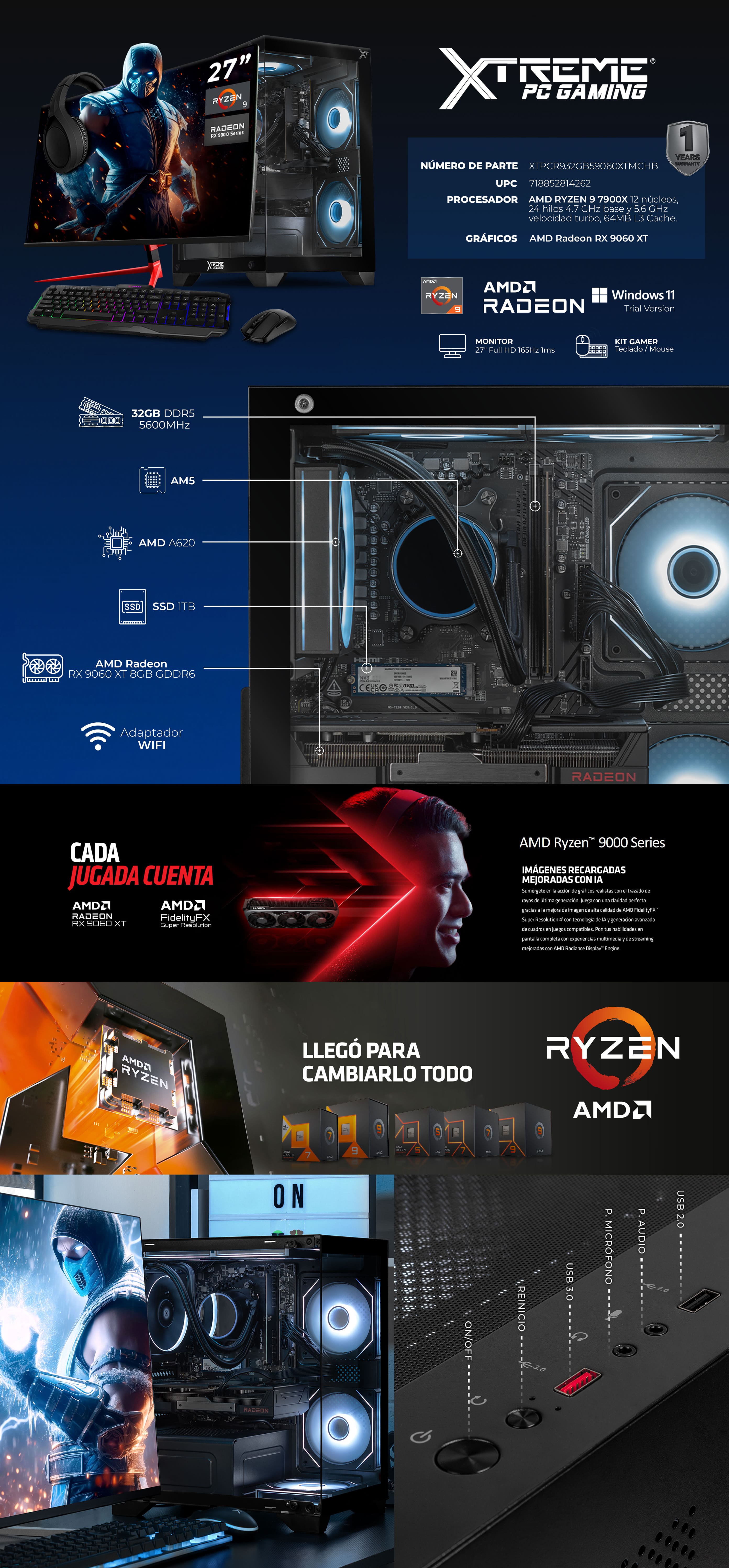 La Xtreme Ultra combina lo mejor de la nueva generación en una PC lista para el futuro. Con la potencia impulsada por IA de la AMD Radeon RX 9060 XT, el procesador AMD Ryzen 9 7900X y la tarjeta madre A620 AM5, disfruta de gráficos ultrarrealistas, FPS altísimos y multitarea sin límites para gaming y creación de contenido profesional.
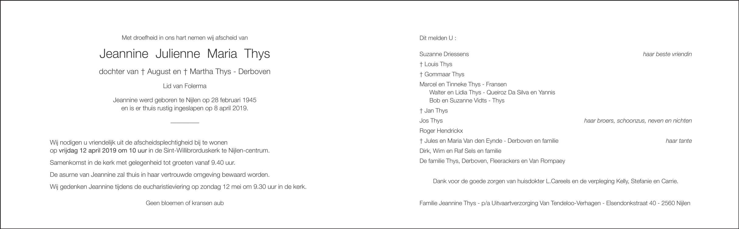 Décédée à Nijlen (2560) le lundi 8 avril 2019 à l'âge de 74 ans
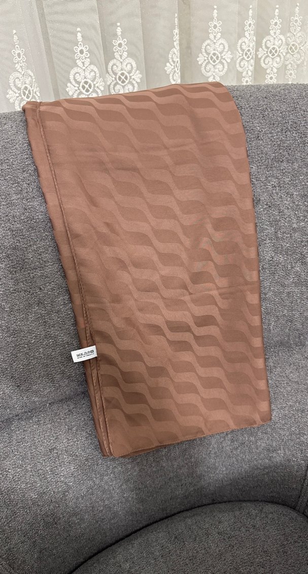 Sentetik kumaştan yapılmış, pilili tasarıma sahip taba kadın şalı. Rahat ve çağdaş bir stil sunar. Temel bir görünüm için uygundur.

What is required
Drop the images, then copy the data exactly.

Completed exercise
 La Xtreme Ultra combina lo mejor de la nueva generación en una PC lista para el futuro. Con la potencia impulsada por IA de la AMD Radeon RX 9060 XT, el procesador AMD Ryzen 9 7900X y la tarjeta madre A620 AM5, disfruta de gráficos ultrarrealistas, FPS altísimos y multitarea sin límites para gaming y creación de contenido profesional.
 Décédée à Nijlen (2560) le lundi 8 avril 2019 à l'âge de 74 ans
 Sentetik kumaştan yapılmış, pilili tasarıma sahip taba kadın şalı. Rahat ve çağdaş bir stil sunar. Temel bir görünüm için uygundur.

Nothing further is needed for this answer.